**Data below:**
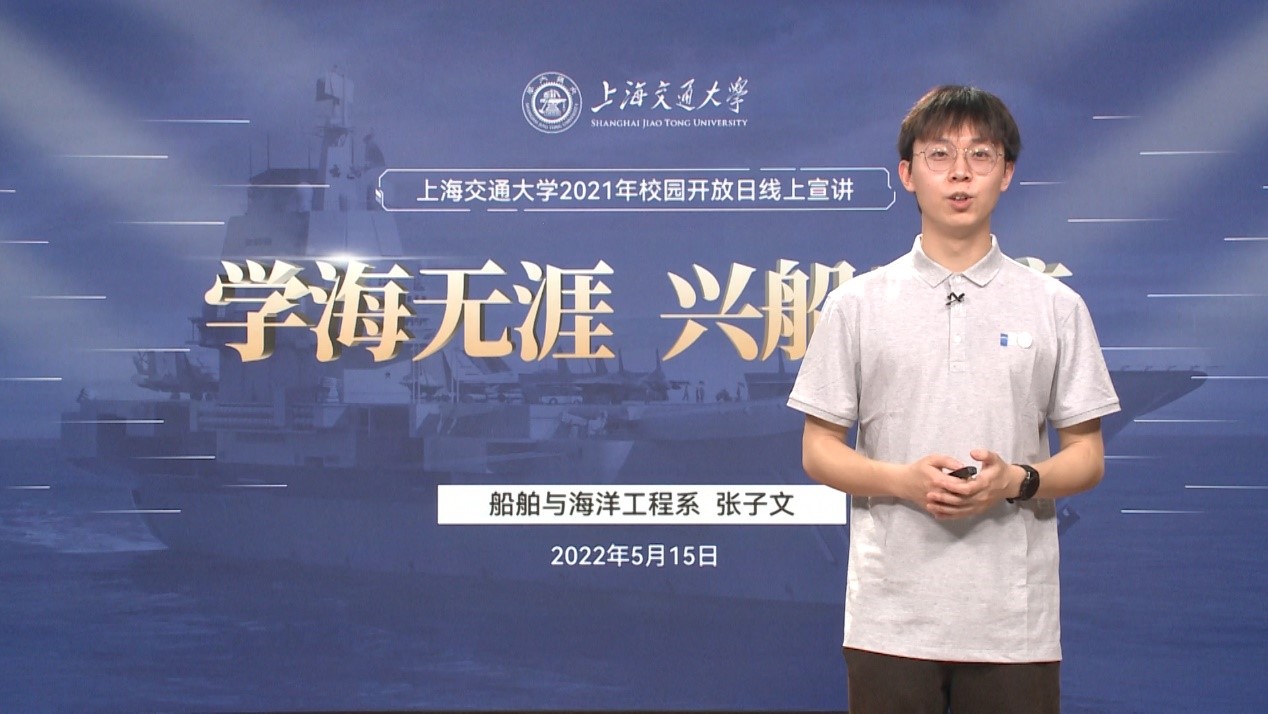 5月15日,上海交通大学2022年校园开放日暨本科招生咨询会通过在线直播的方式顺利举办,中国教育在线直播平台、学校官方微博、bilibili直播平台、抖音、快手等新媒体平台同步直播。江苏招生组组长、船建学院副院长杨健,优秀江苏籍学子、致远博士荣誉计划船舶与海洋工程专业博士生张子文进行宣讲,江苏招生组成员梁晴雪主持咨询会。
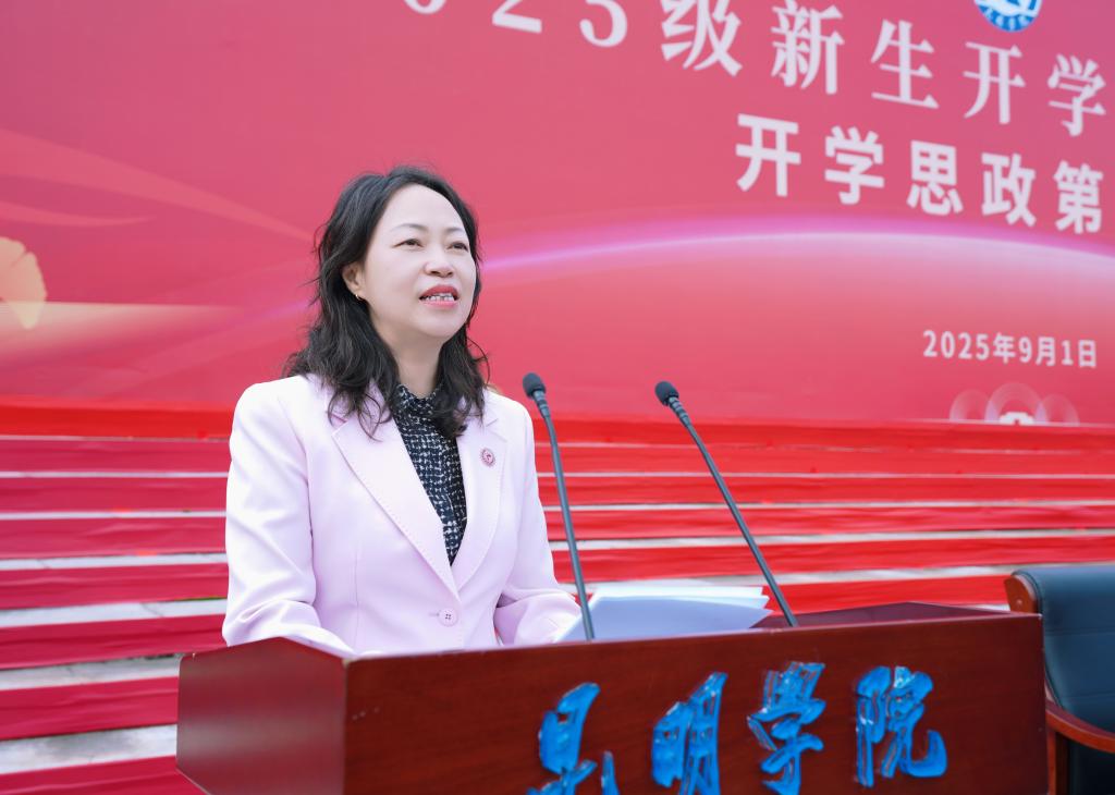 丁文丽致辞,向同学们表示热烈欢迎,并介绍了学校的办学历史和发展成就。她说,2025级的新生们为拥有深厚底蕴的beat365官方网站注入了最前沿的活力,是学校发展的青春“合伙人”与未来共创者。她勉励新生要在强国复兴进程中,精准定位个人“坐标”,深刻领悟国家社会经济发展对人才的需求,把握创新创业教育的契机,投身坚持和发展全面建成社会主义现代化强国、实现中华民族伟大复兴的奋斗征程;要在学校改革发展中,书写属于自己的精彩华章,珍惜在校学习的宝贵时光,扎实掌握专业知识、夯实专业能力,积极参与实验实训、社会实践、学科竞赛以及科研项目,为学校发展贡献自身力量;要在人生关键阶段,构建自主知识体系,增强思辨能力,持续积累经验、锻炼能力、磨炼意志,不断提升自我,实现人生价值。
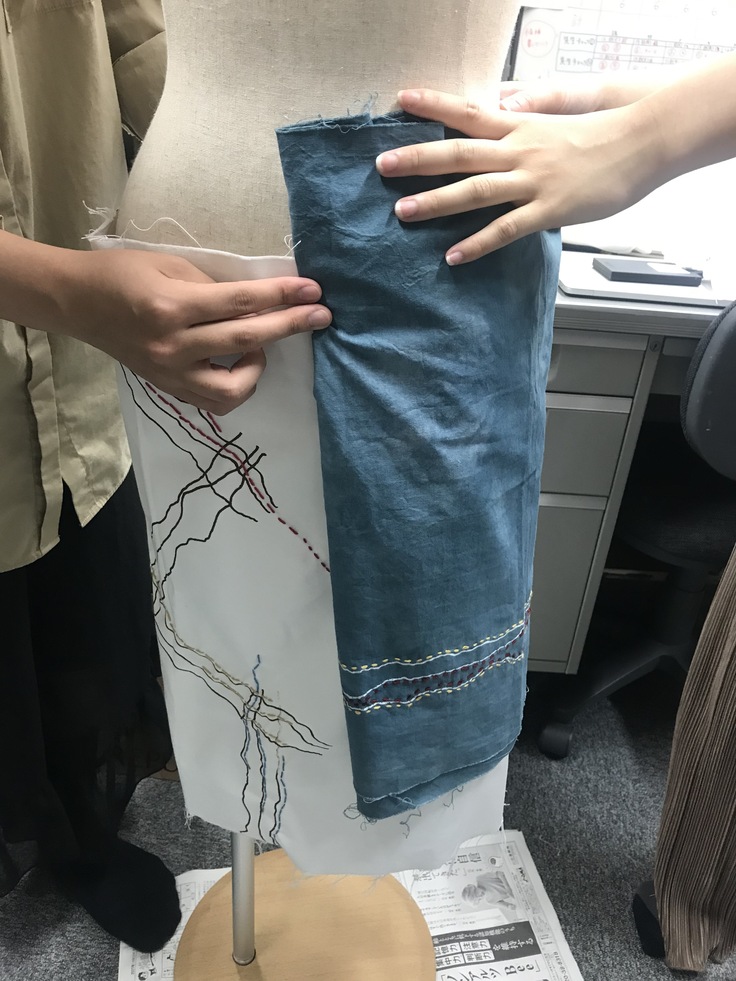 刺し子した布を郵送してもらい、パーツを回収。学生で集まり、パーツを並べたりトルソーに巻いてみたりしながらどんなスカートにするか考えていきます。
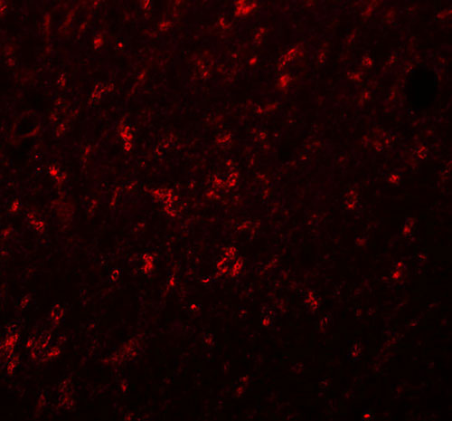 Immunofluorescence of SYNGR4 in rat brain tissue with SYNGR4 antibody at 20 μg/mL. |

**Brief:**
Instruction for this listing: copy it exactly, but leave the images behind.

**Response to the task:**
 5月15日,上海交通大学2022年校园开放日暨本科招生咨询会通过在线直播的方式顺利举办,中国教育在线直播平台、学校官方微博、bilibili直播平台、抖音、快手等新媒体平台同步直播。江苏招生组组长、船建学院副院长杨健,优秀江苏籍学子、致远博士荣誉计划船舶与海洋工程专业博士生张子文进行宣讲,江苏招生组成员梁晴雪主持咨询会。
 丁文丽致辞,向同学们表示热烈欢迎,并介绍了学校的办学历史和发展成就。她说,2025级的新生们为拥有深厚底蕴的beat365官方网站注入了最前沿的活力,是学校发展的青春“合伙人”与未来共创者。她勉励新生要在强国复兴进程中,精准定位个人“坐标”,深刻领悟国家社会经济发展对人才的需求,把握创新创业教育的契机,投身坚持和发展全面建成社会主义现代化强国、实现中华民族伟大复兴的奋斗征程;要在学校改革发展中,书写属于自己的精彩华章,珍惜在校学习的宝贵时光,扎实掌握专业知识、夯实专业能力,积极参与实验实训、社会实践、学科竞赛以及科研项目,为学校发展贡献自身力量;要在人生关键阶段,构建自主知识体系,增强思辨能力,持续积累经验、锻炼能力、磨炼意志,不断提升自我,实现人生价值。
 刺し子した布を郵送してもらい、パーツを回収。学生で集まり、パーツを並べたりトルソーに巻いてみたりしながらどんなスカートにするか考えていきます。
 Immunofluorescence of SYNGR4 in rat brain tissue with SYNGR4 antibody at 20 μg/mL. |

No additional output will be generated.